This is one of my favorite dishes. I originally learned how to make it from a fabulous cook (@kitchenlee-way) in upstate NY. Having just gone gluten-free this old-world Mediterranean dish stole my heart. It is rich and sweet and easy to make. I spent an entire winter eating Farinata with a vegan caser salad. I suggest throwing this magical dish into your rotation. It works well as a side dish, a pizza crust, a bread substitute, or a picnic snack.
Chick-Pea Bread, Farinata
Author: Medicinal Diet
- 1-2 Onions, halved and thinly sliced
- 2 Cup chic pea flower, sifted
- 2½ Cup warm water
- ½ olive oil
- 2 t sea salt
- 1 T fresh cracked black pepper
- Fresh or dried Rosemary
- Sift the chick flour into a bowl.
- Slowly add and whisk the warm water.
- Add the olive oil, salt, and pepper.
- Cover the bowl with a towel or plate and let rest for at least 1 hour (or up to twelve hours in-refrigerated).

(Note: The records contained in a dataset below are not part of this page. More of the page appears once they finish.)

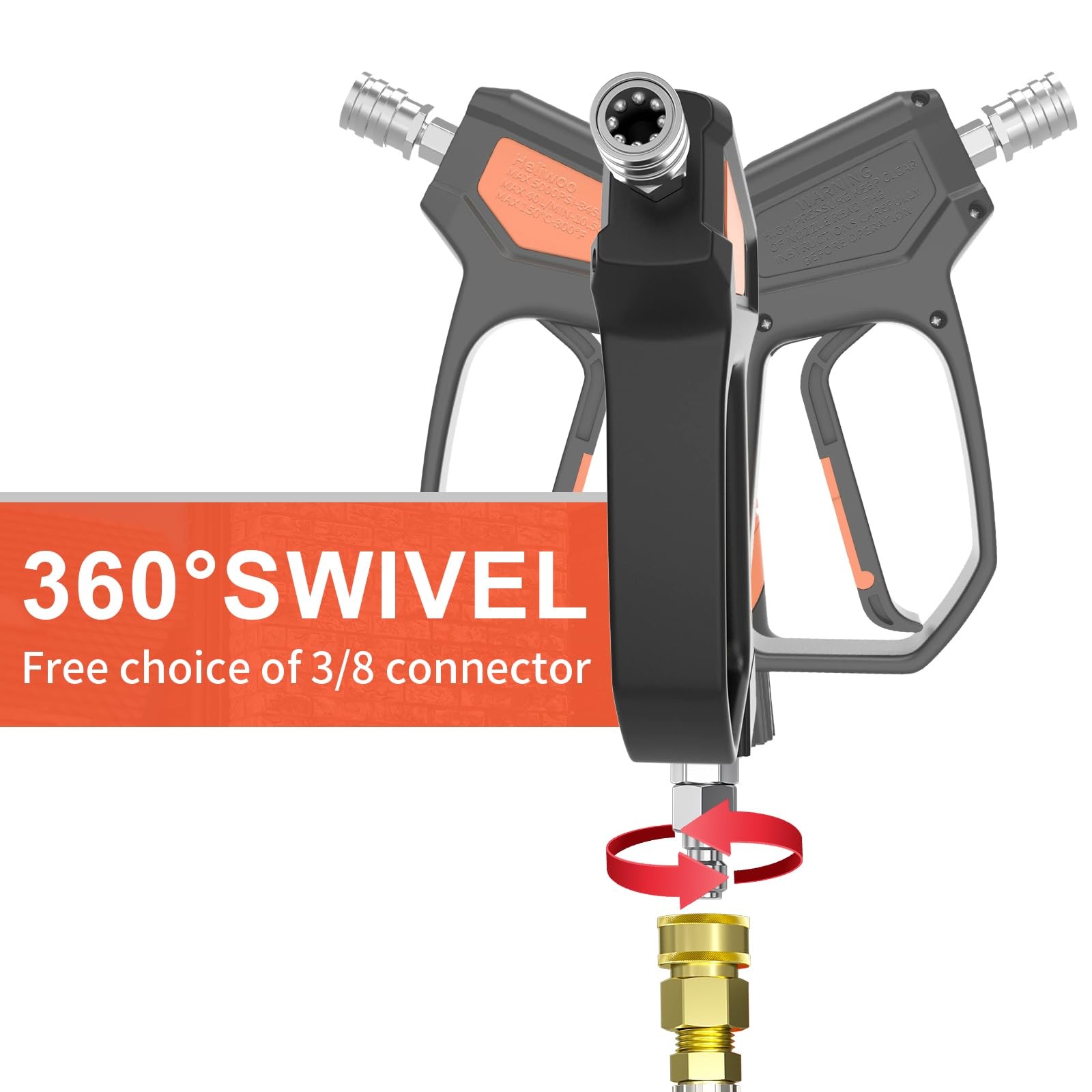 This pressure washer gun is a beast! Handles up to 5000 PSI and 10.5 GPM, making quick work of tough grime on cars, driveways, and more. The swivel plug prevents hose twisting, and the included nozzles offer versatility for any cleaning job. Solid stainless steel construction feels durable, yet it’s lightweight for easy handling. The M22 fittings ensure compatibility with most hoses. Perfect for heavy-duty cleaning without fatiguing your hands—totally worth it!
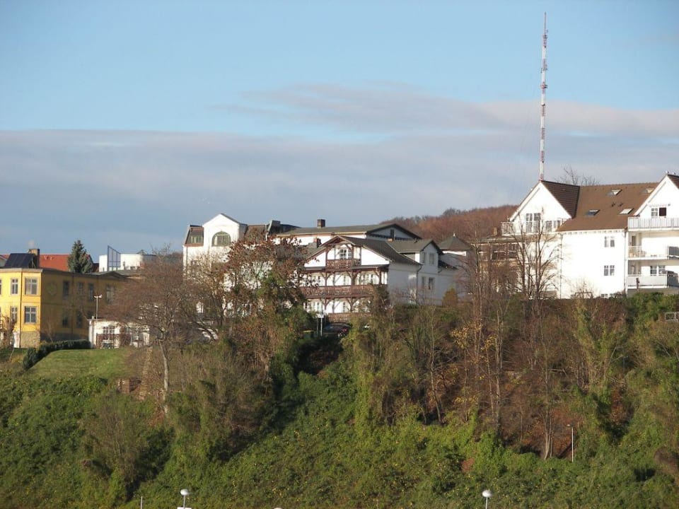 Hotelansicht von der Mole ausSchnappschuss vom Hotel beim Spaziergang von der Mole aus. Es ist das Haus in der Mitte mit den Holzbalkonen.
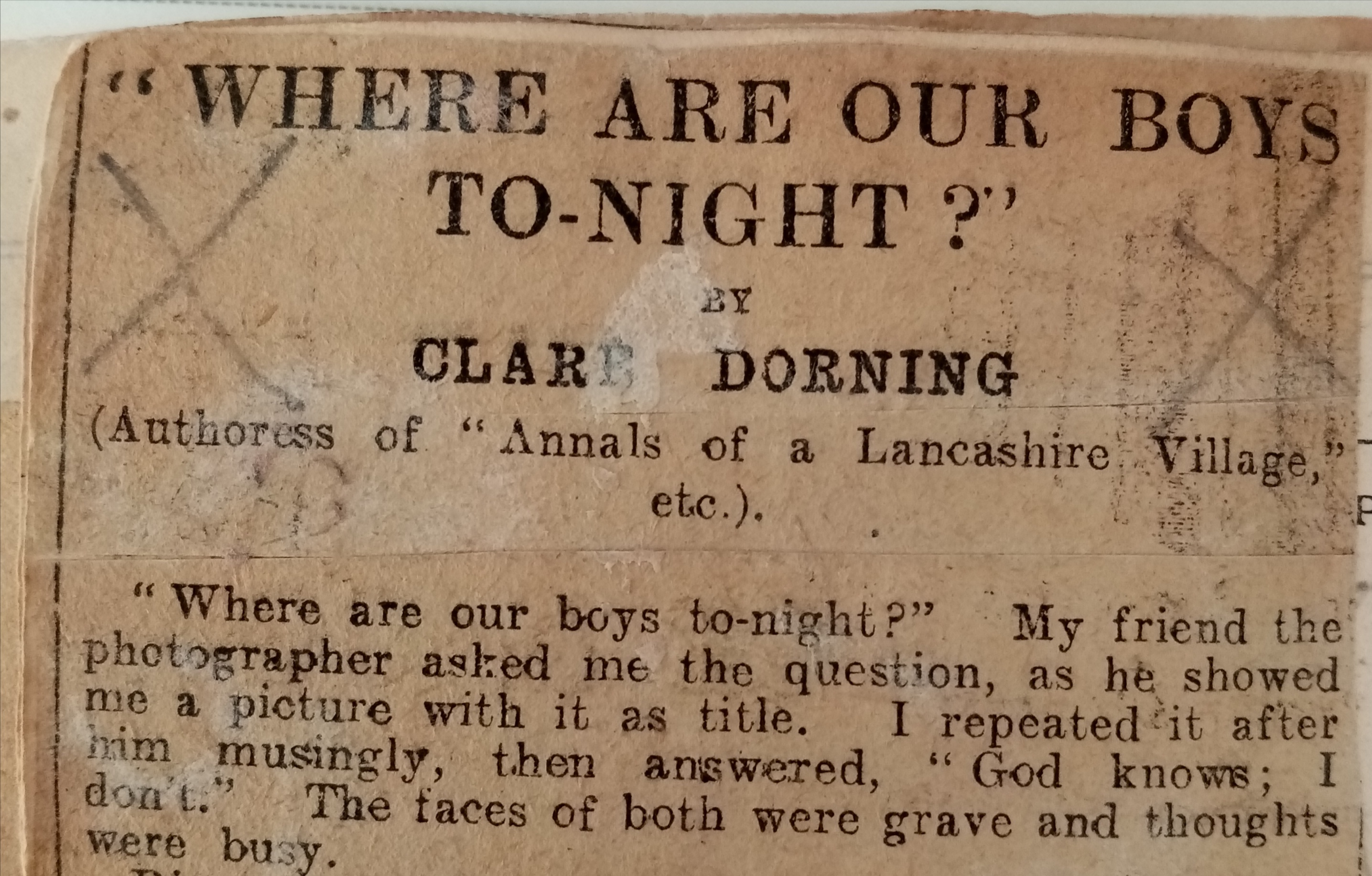 Ah, where are our boys to-night? Some are missing, some wounded, some utterly broken; some we thought lost we shall hear of and see again,the cemeteries and white crosses scattered world-wide answer for others. French friends of my own are scattering flowers over mounds under which lie “nos bons amis les soldat anglaises,” who fought and bled for “La Belle France,” as well as for England’s honour.
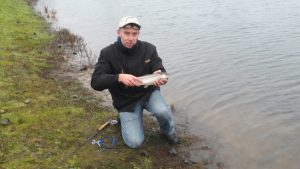 Het had die nacht gevroren en het was mistig. Het was erg koud want het water bevroor in de hengelogen. We begonnen met vissen en op kleine streamers en werden er leuke forellen gevangen.
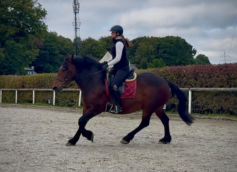 Name: Lea Breed: Coldblood Cross Gender: Mare Date of Birth: May 29, 2013 Age: 10 years Height: 16.1 hh Color: Dark Brown Pedigree: Unknown Character: People-oriented, patient, curious, intelligent, brave Training/ suitability: ridden, leisure riding, dressage, trail riding Terrain experience: confident, fearless, resilient, suitable for solo and group rides Health: dewormed, vaccinated, barefoot, eczema-free, teeth checked, osteopathically treated Stable: box stall, open stable Special features: farrier and loading friendly, herd-compatible, trail riding horse, weight carrier The above traits are based on our personal assessment and do not constitute guaranteed characteristics. Price: €5,900 (gross price) Have we sparked your interest? To give you a better impression of Lea, we are happy to send you her riding video. Of course, we are available for a detailed description of the horse, personal consultation, and to answer all your questions by phone. Please feel free to contact us anytime via WhatsApp or call us at: +49 151 19487595 Our calling hours are daily from 7:00 AM to 1:30 PM and from 8:00 PM onwards. We look forward to hearing from you! A clinical or radiological purchase examination can be arranged with your veterinarian. Lea can be delivered safely and comfortably to her new home. We handle all preparations and transportation to ensure your new horse arrives stress-free, well cared for, insured, and in good health. Currently, we offer a carefully selected variety of horses for sale. With us, you are sure to find your dream horse. Feel free to visit our website at: www.marvinsroyalhorses.de. Dear customers, we are happy to introduce you to our horses and offer grooming, tacking, lunging, ground work, as well as trial riding in the riding hall, on the arena, or in the field, so you can get to know your new family member better. This costs €40 per horse, with each additional horse €30, and will be refunded upon purchase. Our address: Ferdinand Grube 50 53577 Neustadt-Wied Google Maps: marvinsroyalhorses

- While the batter is resting, slice the onions into think crescents and toss into a hot skilled with some more olive oil and salt, caramelized onions until they are soft, sweet, and brown.
- To Bake:
- Pre heat the oven to 500. Pre-heat a cast iron skillet for five minutes in the oven before pouring in the batter. This will create an extra textured crust. Pour the batter into the skillet with the onions and bake until the batter is set and browed on top, it should start to crack on top.
- You can brush more oil on top and add flake salt and or a round of herbs. I like maldon salt and cook it under the broiler for another couple minutes.
- Farinata can take a bit of time to firm up, and can take as long as 20 minutes to set.
- This recipe works with a 12 inch cast iron skillet
Mushrooms, garlic, capers make great additions to this recipe.